- First appearance: "Death Has a Shadow" (1999)
- Created by: Seth MacFarlane
- Designed by: Seth MacFarlane
- Voiced by: Alex Borstein

In-universe information
- Full name: Lois Patrice Griffin (née Pewterschmidt)
- Gender: Female
- Occupation: Housewife; Piano Instructor; Flight Attendant; Model; Former Mayor; Journalist; Boxer; Retail Worker;
- Family: Carter Pewterschmidt (father); Barbara Pewterschmidt (mother); Patrick Pewterschmidt (brother); Carol Pewterschmidt (sister); Tatum Pewterschmidt (adoptive sister);
- Spouse: Peter Griffin
- Children: Meg Griffin (daughter); Chris Griffin (son); Stewie Griffin (son);
- Relatives: Marguerite Pewterschmidt (great-aunt; deceased); Lillian (great-aunt); Jerry Pewderschmidt (uncle); Boston Stewie (son via Lois’s egg donation);
- Home: Quahog, Rhode Island
- Nationality: American
- Age: 43

Mayor of Quahog (Temporarily)
- In office May 13, 2007 – May 27, 2007
- Preceded by: Adam West
- Succeeded by: Adam West

= Lois Griffin =

Fictional character from the Family Guy franchise

Lois Patrice Griffin ( Pewterschmidt) is a fictional character from the American animated television series Family Guy.

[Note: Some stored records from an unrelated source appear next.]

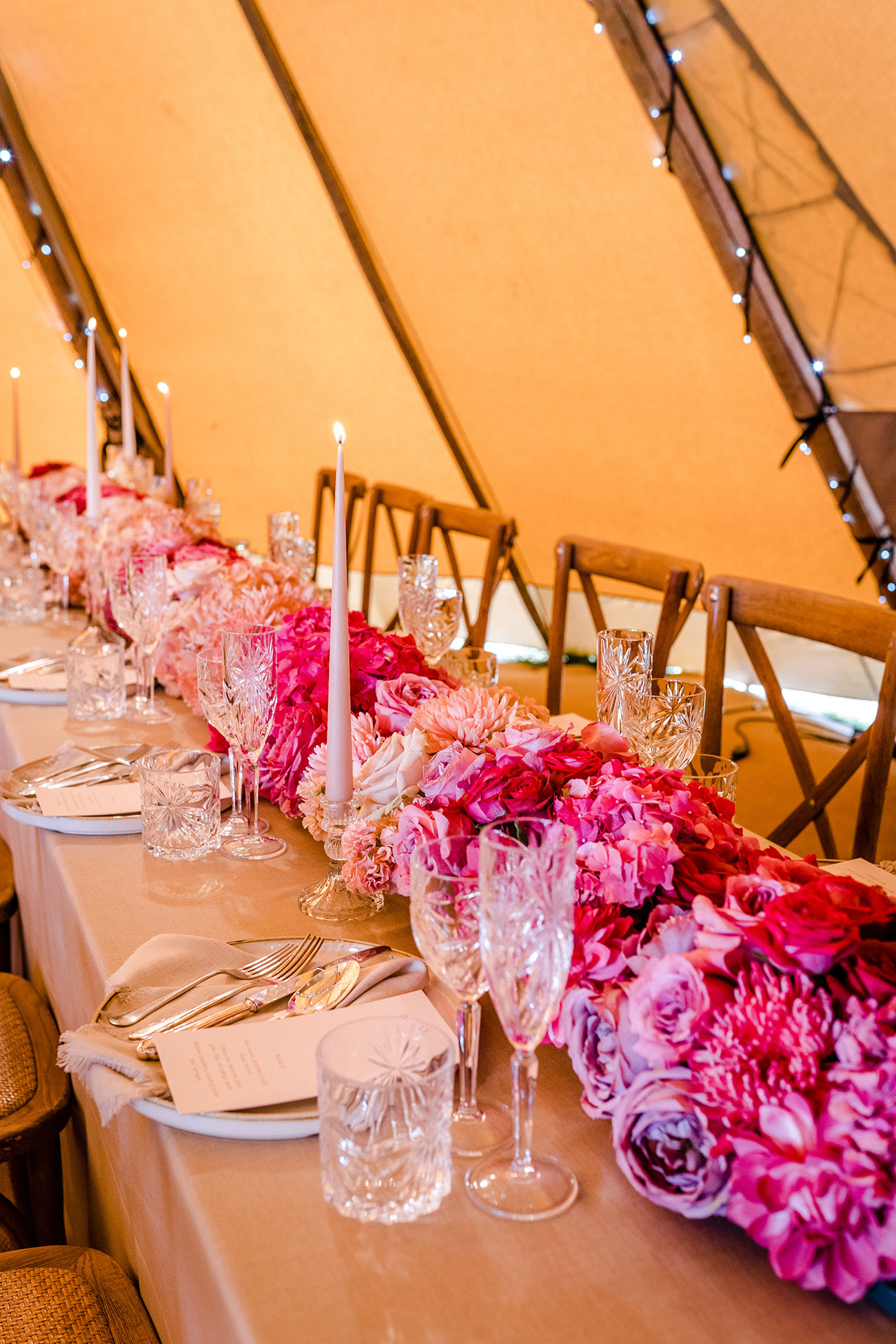 Choosing a tipi wedding doesn’t necessarily mean you have to opt for pared-back styling. You can still embrace an elegant aesthetic, as this World Inspired Tents tipi illustrates, with its crystal glassware, tapered candles and romantic blousy florals.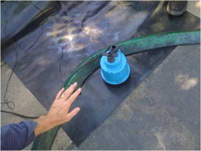 Next you place the pump inside of the U-shaped dam and hook one end of the hose to the pump.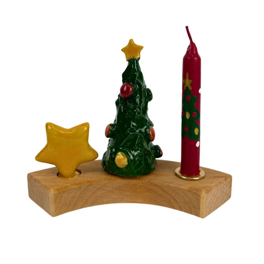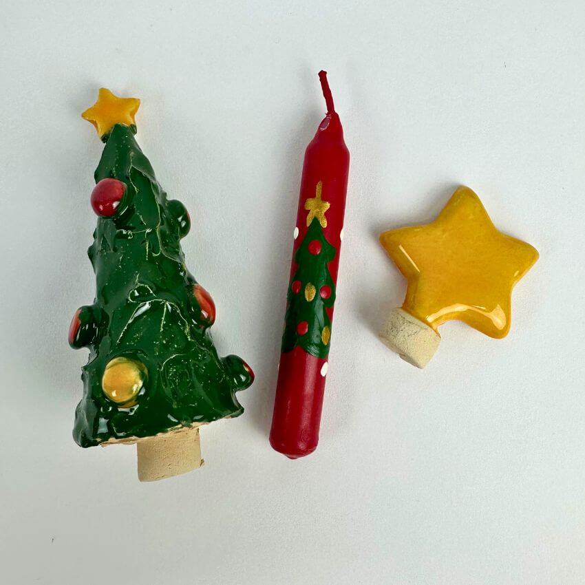 De 3-delige set bestaat uit 2 handgemaakte stekers van keramiek (ster, kerstboom) en een Kerst jaarring kaarsje.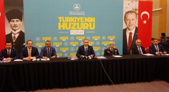Bir dizi ziyaret için Yozgat’a gelen İçişleri Bakanı Ali Yerlikaya, Yozgat Cemil Çiçek Personel Eğitim Merkezi’nde düzenlenen Güvenlik Toplantısı'na katıldı. Toplantının ardından basın mensuplarına açıklamalarda bulunan Yerlikaya, Türkiye Yüzyılı'nın huzurun yüzyılı olacağını söyleyerek, “Bu cumhurbaşkanımızın sözü ve bizim huzurun yüzyılı ile ilgili, huzurla ilgili kara vatandan mavi vatana ve siper vatana İçişleri Bakanlığının temel görevi huzur, güvenlik ve esenlik olduğu bilinciyle gece gündüz demeden bakanlık merkez ve taşra teşkilatımızla 600 bini aşkın ailemizle beraber cansiparane bir şekilde çalışıyoruz ve çalışmaya da devam edeceğiz” dedi.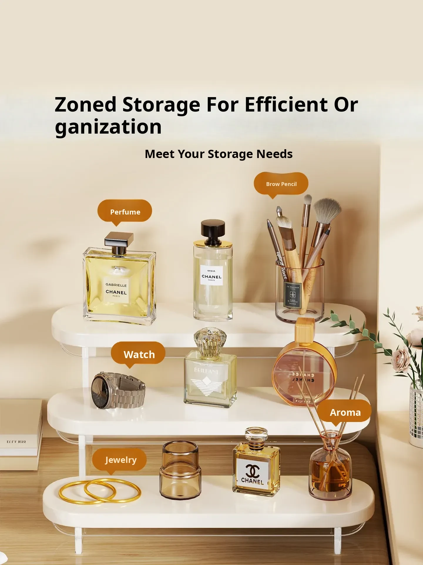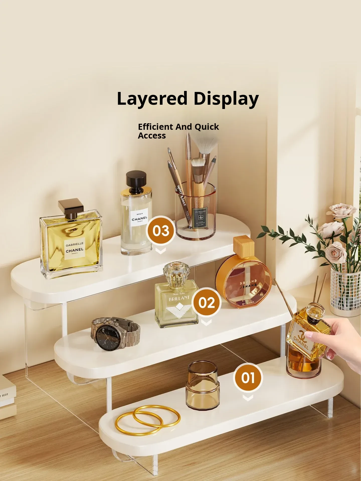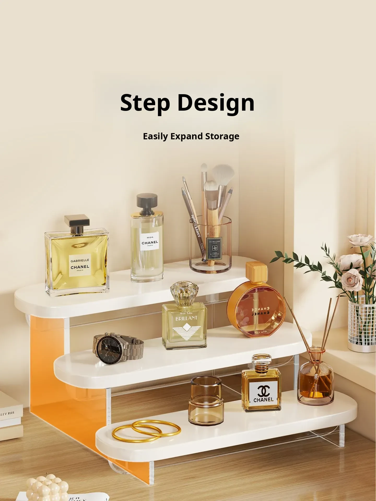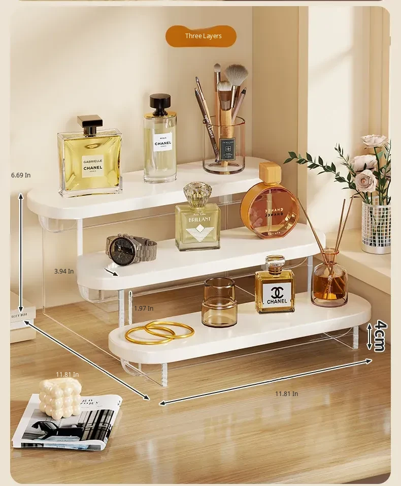 Stylish Acrylic Step Perfume Display Stand - Elegant Makeup Organizer for Vanity, Perfect for Skincare Products and Cosmetics Storage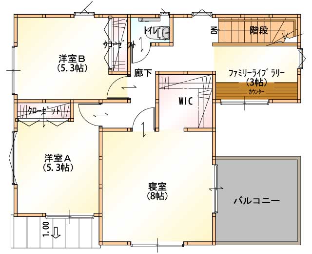リビング階段を採用する事で、家族とのコミュニケーションの場を作ります。2階に行くには絶対にLDKを通らないといけないので、帰ってきてもすぐに気づく事ができます。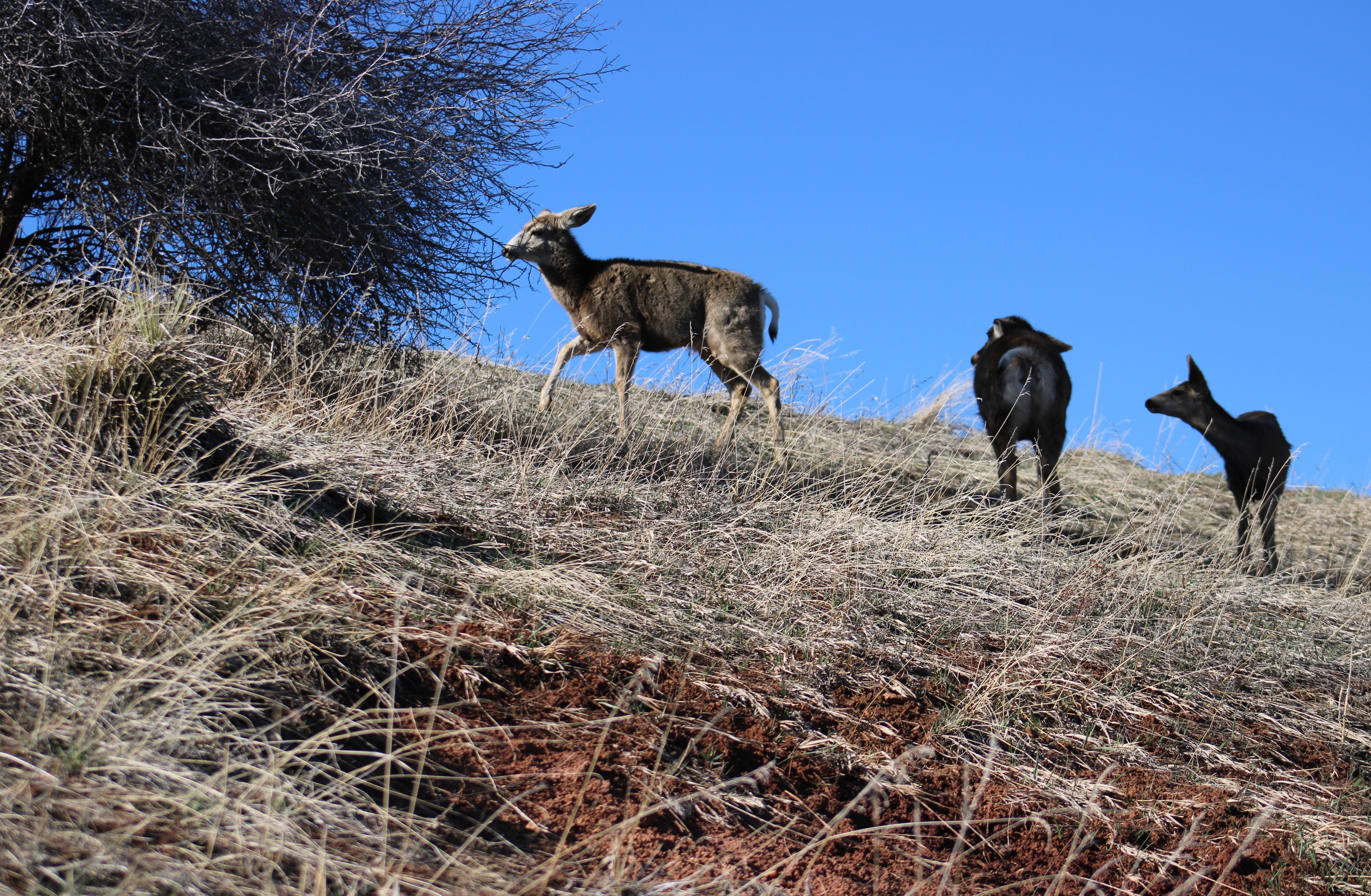 It was a perfectly sunny day. Calm and quiet. Not a cloud in the sky. Not too warm and not too cold. Many birds were returning to Colorado from their winter ranges, including dozens of robins and red-headed finches, who were busy picking some remaining acorns off the mostly bare branches of Gambel oaks, or digging around for worms in the soft red soil along the trail. I even spotted a magpie carefully sneaking up to a buck who was resting in the shade of a Ponderosa, in an attempt to steal some of his shed fur to insulate a nearby nest.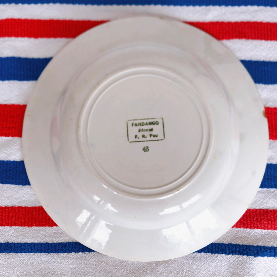 フランスアンティーク ディゴワンサルグミンヌ バスク柄『 FANDANGO 』シリーズのスーププレート、深皿です。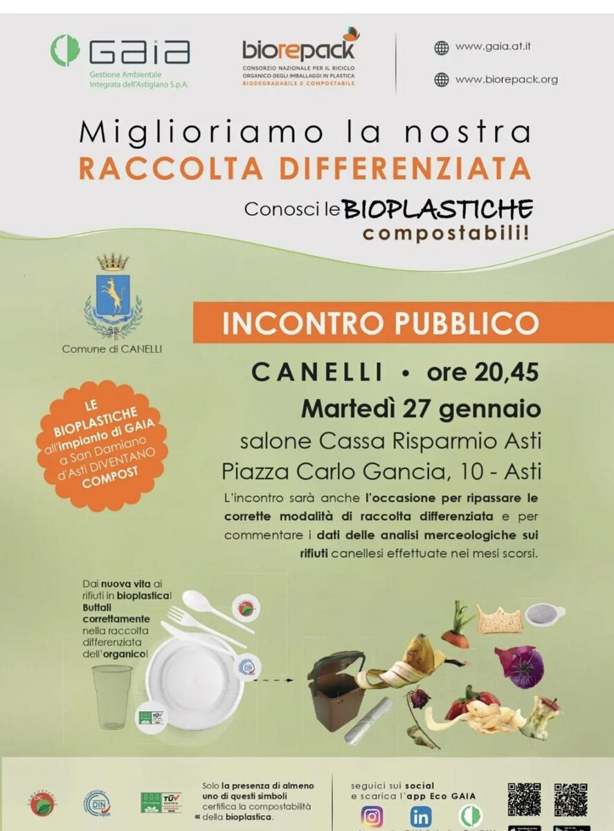 Martedì 27 gennaio, Canelli ospiterà un incontro pubblico su raccolta differenziata e bioplastiche compostabili. L’appuntamento è previsto per le 20.45 nel salone della Cassa di Risparmio di Asti e sarà occasione per spiegare ai cittadini come riconoscere e quindi conferire correttamente gli scarti compostabili incrementando la qualità e la quantità della raccolta differenziata dell’organico.

She is voiced by Alex Borstein and first appeared in the show's pilot episode, "Death Has a Shadow", on January 31, 1999. Writer Seth MacFarlane created and designed Lois after his 1995 student film, The Life of Larry, was picked up by 20th Century Fox for a series order. Lois is the matriarch of the Griffin family. She and her husband Peter have three children: Meg, Chris, and Stewie.

==Role in Family Guy==
Lois Griffin was born to affluent WASP multibillionaire parents, Carter and Barbara Pewterschmidt. It is revealed in the episode "Family Goy" that her mother is actually a Jewish American Holocaust survivor who concealed her Judaism, and Lois was raised Protestant. Lois and the rest of the Griffins live in the fictional city of Quahog, Rhode Island, which is modeled after Cranston, Rhode Island. Lois speaks with a distinctive nasal New England accent. In the episode "A Lot Going on Upstairs", Lois’s drivers license reveals that her height is . Lois primarily works as a housewife throughout the series, though she did give piano lessons in early episodes. She has also had various jobs in single episodes such as in "FOX-y Lady", where she becomes the new reporter for Fox News Channel; in "It Takes a Village Idiot, and I Married One", Lois is elected the mayor of Quahog; and in "Call Girl" Lois gets a job doing phone sex. In the episode "Take a Letter", Lois works at the Post Office. In the episode "Dammit Janet!" Lois gets a job as a flight attendant. Lois is a championship boxer who retires with an undefeated record of 18–0 in the episode "Baby, You Knock Me Out". Lois is also a Black belt in Tae-Jitsu, which she quickly achieved in the episode "Lethal Weapons". In "The Fat Guy Strangler", Lois is revealed to have a murderous brother.

==Character==
===Creation===
While still in college, Family Guy creator Seth MacFarlane created a cartoon short called The Life of Larry. The short centered around a middle-aged man named Larry and his anthropomorphic dog Steve; other characters are his patient wife Lois and his overweight teenage son Milt. He made a sequel called Larry & Steve, which Cartoon Network broadcast in 1997. In 1999, MacFarlane was working for Hanna-Barbera Studios, writing for shows such as Johnny Bravo, Dexter's Laboratory, and Cow and Chicken. The short caught the eye of 20th Century Fox representatives, who asked him to create a TV series revolving around the characters. MacFarlane was given a US $50,000 budget to develop a pilot for the show, which was about one twentieth of what most pilots cost. MacFarlane claims to have drawn inspiration from several sitcoms, including The Simpsons and All in the Family. Several premises were also carried over from several 1980s Saturday morning cartoons he watched as a child, namely The Fonz and the Happy Days Gang, and Rubik, the Amazing Cube.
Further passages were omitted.